A copy of the listing below is needed, exact in every line and without images.

*** Opening Source data ***

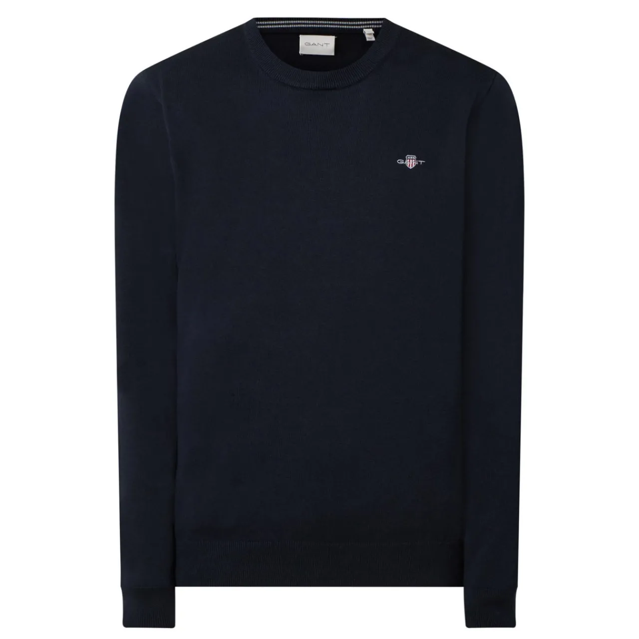 - Crew neckline, ribbed trims, fine knit structure, embroidered shield logo detail
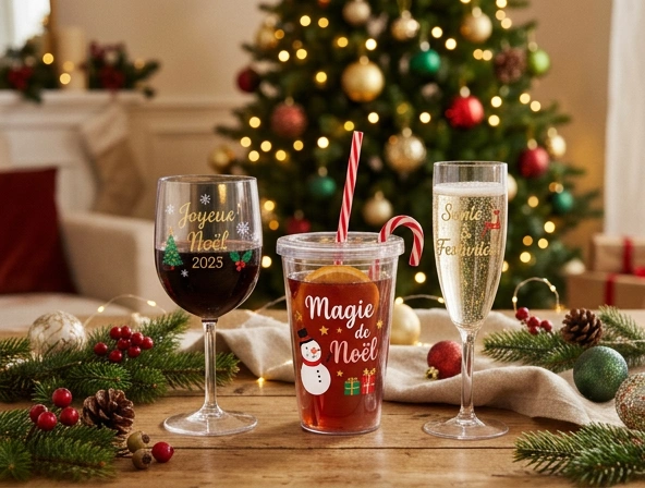 Enchantez vos fêtes de fin d'année avec des verres Noël personnalisés et gobelets réutilisables Noël festifs qui créent la magie des réveillons et repas de Noël. Du traditionnel au contemporain, nos créations personnalisées transforment votre table de fête en scène enchantée et offrent des cadeaux de Noël originaux qui surprendront vos proches.
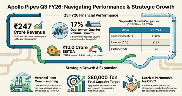 The company is currently integrating its 58.6% stake in Kisan Molding Limited, acquired in March 2024, which added approximately 58,000 tons of capacity to its portfolio. In a separate strategic move, Apollo Pipes partnered with Lubrizol to utilize proprietary TempRite technology for its CPVC piping systems, aimed at increasing win rates for high-margin infrastructure projects. Furthermore, the board confirmed that the new greenfield manufacturing plant in Mirzapur (near Varanasi) is expected to commence commercial production by the end of the 2025-26 financial year.
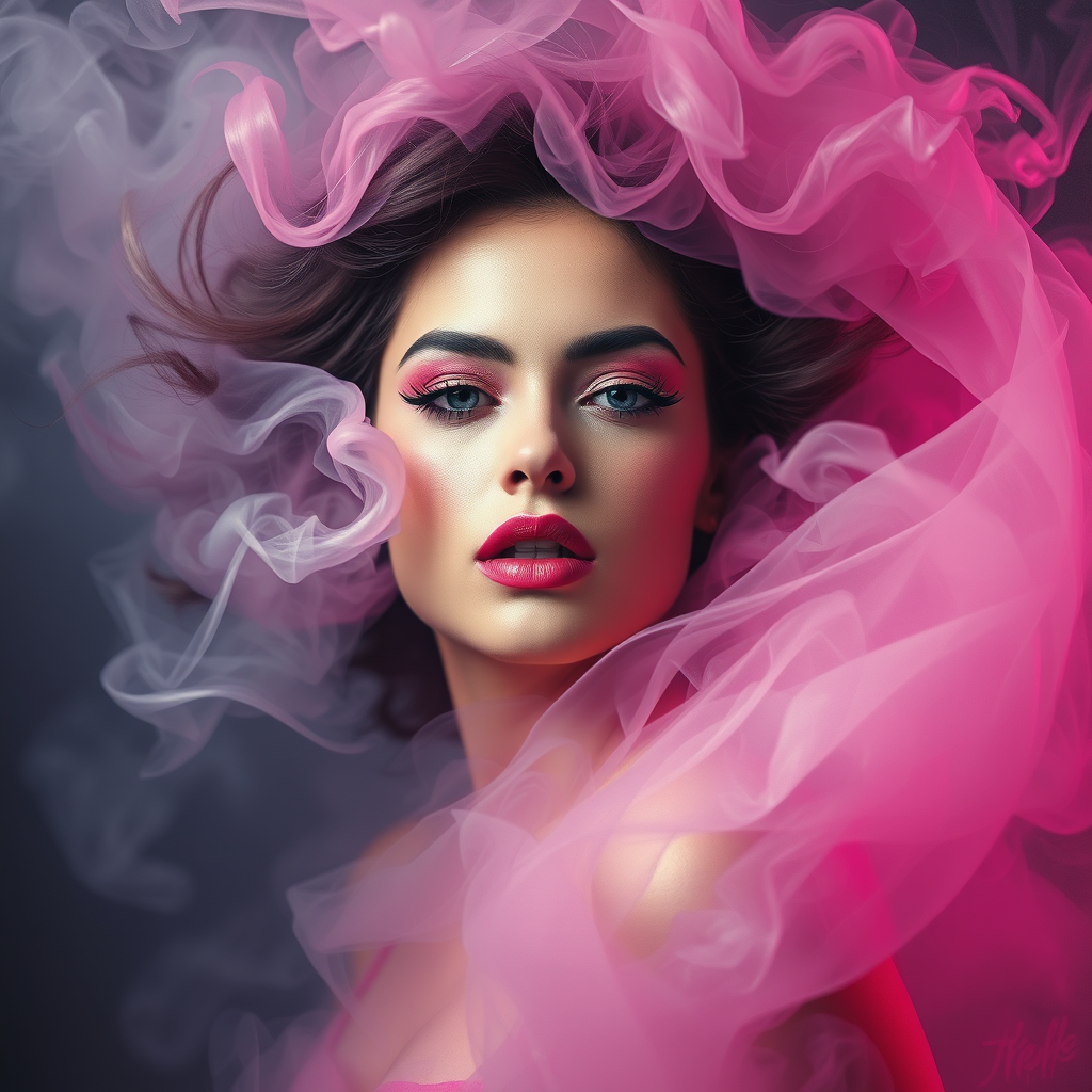 Portrait of a woman enveloped in a swirling cloud of smoke, dynamic whirlwind elements, accentuated with pink highlights, featuring pink-toned make-up and subtle pastel hints, enveloped in mist, exuding a seductive and sultry allure, breathtakingly captured in an oil painting style, artistic and modern aesthetic, hyper-realistic with a touch of ethereal beauty.

*** Closing Source data ***

== Result of the exercise ==
 - Crew neckline, ribbed trims, fine knit structure, embroidered shield logo detail
 Enchantez vos fêtes de fin d'année avec des verres Noël personnalisés et gobelets réutilisables Noël festifs qui créent la magie des réveillons et repas de Noël. Du traditionnel au contemporain, nos créations personnalisées transforment votre table de fête en scène enchantée et offrent des cadeaux de Noël originaux qui surprendront vos proches.
 The company is currently integrating its 58.6% stake in Kisan Molding Limited, acquired in March 2024, which added approximately 58,000 tons of capacity to its portfolio. In a separate strategic move, Apollo Pipes partnered with Lubrizol to utilize proprietary TempRite technology for its CPVC piping systems, aimed at increasing win rates for high-margin infrastructure projects. Furthermore, the board confirmed that the new greenfield manufacturing plant in Mirzapur (near Varanasi) is expected to commence commercial production by the end of the 2025-26 financial year.
 Portrait of a woman enveloped in a swirling cloud of smoke, dynamic whirlwind elements, accentuated with pink highlights, featuring pink-toned make-up and subtle pastel hints, enveloped in mist, exuding a seductive and sultry allure, breathtakingly captured in an oil painting style, artistic and modern aesthetic, hyper-realistic with a touch of ethereal beauty.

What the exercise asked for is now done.